# Example of a strongly dense set which is not ultrastrongly dense.

Let $$H$$ be a Hilbert space and let $$B(H)$$ denote the Banach space of bounded operators on $$H$$. Then there are several topologies we can endow on $$B(H)$$. I am interested in the case of the strong operator topology and and the ultrastrong operator topology (sometimes also called $$\sigma$$-strong).

Note that the ultrastrong topology is finer than the strong topology. If a set $$X$$ is ultrastrongly dense, then it is of course also strongly dense. I am having trouble coming up with a counter-example for the converse.

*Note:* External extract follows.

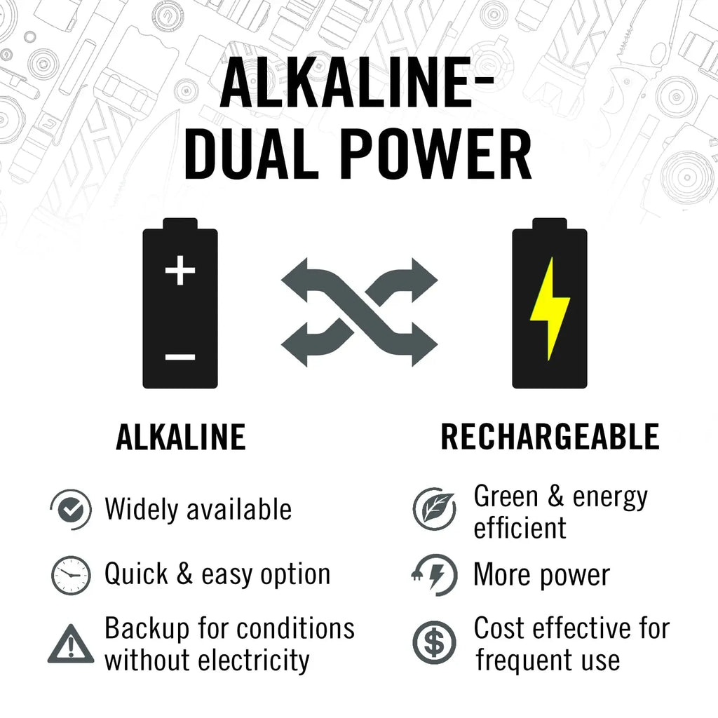 Dual Power lets you choose: run on included alkaline batteries or upgrade with a COAST ZITHION-X™ rechargeable for extended, cost-saving performance.

Does anyone have a simple example of a set which is strongly dense, but fails to be ultrastrongly dense? I would also be interested in similar examples for weak/ultraweakly dense sets.

From Martin Argerami's answer below, it seems like no such example exists at least when $$X$$ is a $$*$$-algebra. I am still interested in the case where $$X$$ is merely a set with no additional structure.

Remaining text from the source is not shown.